之前一篇文章对光荣《三国志》系列人物进行了数值上的分析, 一个同学看过后提议让我试下对数据进行clustering, 我觉得可行,也许会有有趣的发现,于是就有了这篇文章。
Data Processing
在那篇文章里我最终用来分析的数据是一个大的data frame, 前6行数据如下所示。

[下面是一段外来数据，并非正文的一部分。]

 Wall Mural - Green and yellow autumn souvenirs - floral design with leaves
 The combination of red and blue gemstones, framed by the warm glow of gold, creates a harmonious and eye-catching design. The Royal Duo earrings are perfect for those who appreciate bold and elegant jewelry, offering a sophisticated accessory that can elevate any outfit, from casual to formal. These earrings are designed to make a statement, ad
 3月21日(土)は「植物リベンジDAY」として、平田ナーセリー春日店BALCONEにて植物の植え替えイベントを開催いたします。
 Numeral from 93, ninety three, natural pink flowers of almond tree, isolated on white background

## 姓名 統率 武力 智力 魅力 運勢 版本 政治 陸指 水指 體力
## 1 丁奉 NA 22 81 29 47 三國志1 NA NA NA 81
## 2 于禁 NA 72 20 25 28 三國志1 NA NA NA 82
## 3 公孫瓚 NA 70 67 89 28 三國志1 NA NA NA 84
## 4 太史慈 NA 97 47 84 34 三國志1 NA NA NA 88
## 5 孔融 NA 82 61 50 77 三國志1 NA NA NA 84
## 6 文聘 NA 84 22 64 83 三國志1 NA NA NA 88
它的维度为\(6123 \times 11\).
dim(dt)
## [1] 6123 11
在做clustering之前我们还需要对数据进行些最后的处理。第一个问题是我们有重名的人物,李丰,马忠,张南,张温。我可以把他们找出来,然后改名,比如李丰(魏), 李丰(蜀), 不过问题是每代出现的可能是不同势力的同名人物,而这些人物数据属性又不突出,无法直接判断。当然我也可以从原数据中找出他们的字,用来判断势力,最终我决定不那么做,因为我认为这四个人不会对整体聚类分析有影响,于是就把他们drop了。

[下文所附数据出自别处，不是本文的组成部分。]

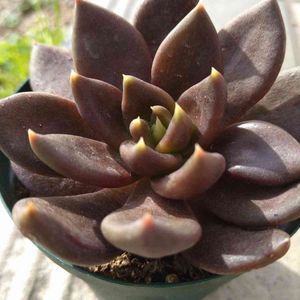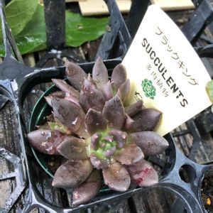 多肉植物 『ブラックキング』 昨日 よく行くお花屋さんにてお迎えしました。 多肉植物を好きになってから、いつも行くお花屋さんに多肉植物があるのは気になってましたが、なかなか見に行けず、やっと行けたので早速お買い上げ♡ 近くで良く見たらどの子も凄く立派(*○o○) それなのに、お値段は『えっ?!本当にそのお値段でいいんですか?!』っていうくらい。 まとめて3つ気に入った子を我が家にお迎えしましたよ。 で、この子がお気に入りその① 直径約12㎝くらいかしら。 プラ鉢から凄いはみ出ててギューってなってるから植え替えましたよ。 大丈夫かなぁ💧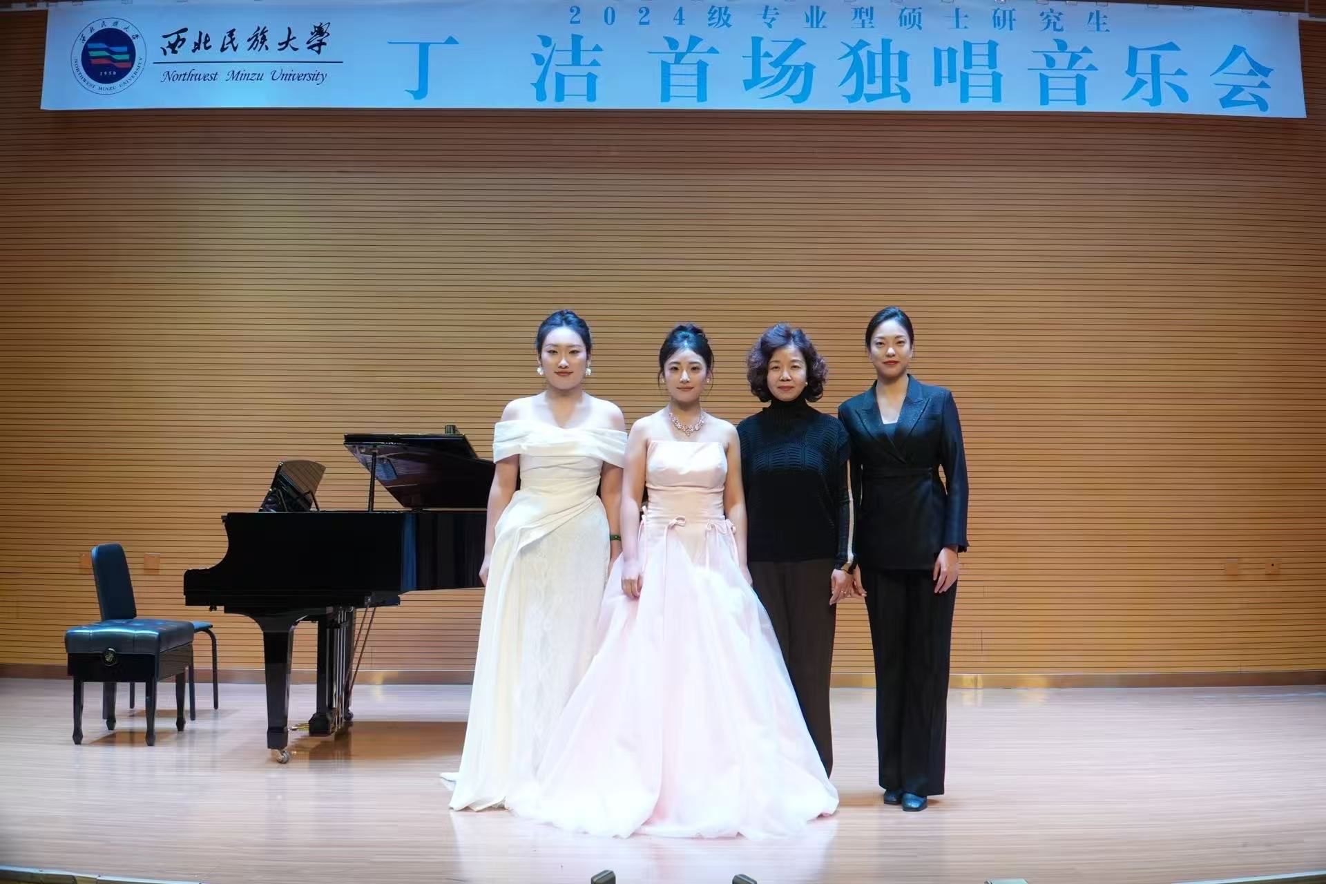 2025年10月20日下午5点,2024级专业型硕士研究生丁洁成功举办首场独唱音乐会。 整场音乐会进行了约一个小时,共演唱了十二首作品,分别是:《九月》《安睡》《献词》《致克罗埃》《我的灵魂随风飘扬》《年轻姑娘应该懂得》《怀念曲》《钗头凤》《秋:帕米尔-我的家乡多么美》《何年何日再相逢》《幽兰操》《念奴娇·赤壁怀古》。 音乐会艺术指导刘一芃老师,主持人黄霜雨。参加本场音乐会的评委老师有红霞、尹辉、邢延青。

same_name <- dt %>% mutate(姓名 = as.character(姓名)) %>%
group_by(姓名, 版本) %>%
summarise(次數 = n()) %>%
filter(次數 > 1) %>%
select(姓名) %>%
unique() %>%
unlist
same_name
## 姓名1 姓名2 姓名3 姓名4
## "李豐" "馬忠" "張南" "張溫"
dt_unique <- dt %>% filter(!(姓名 %in% same_name))
《三国志3》中出现了陆指和水指的属性,分别代表人物在陆上指挥和水上指挥的能力,这是唯一一代出现这种属性的游戏,我的处理是对陆指和水指取平均值为统率。而体力和运势这两个属性也是只有一代有,我将它们也去掉。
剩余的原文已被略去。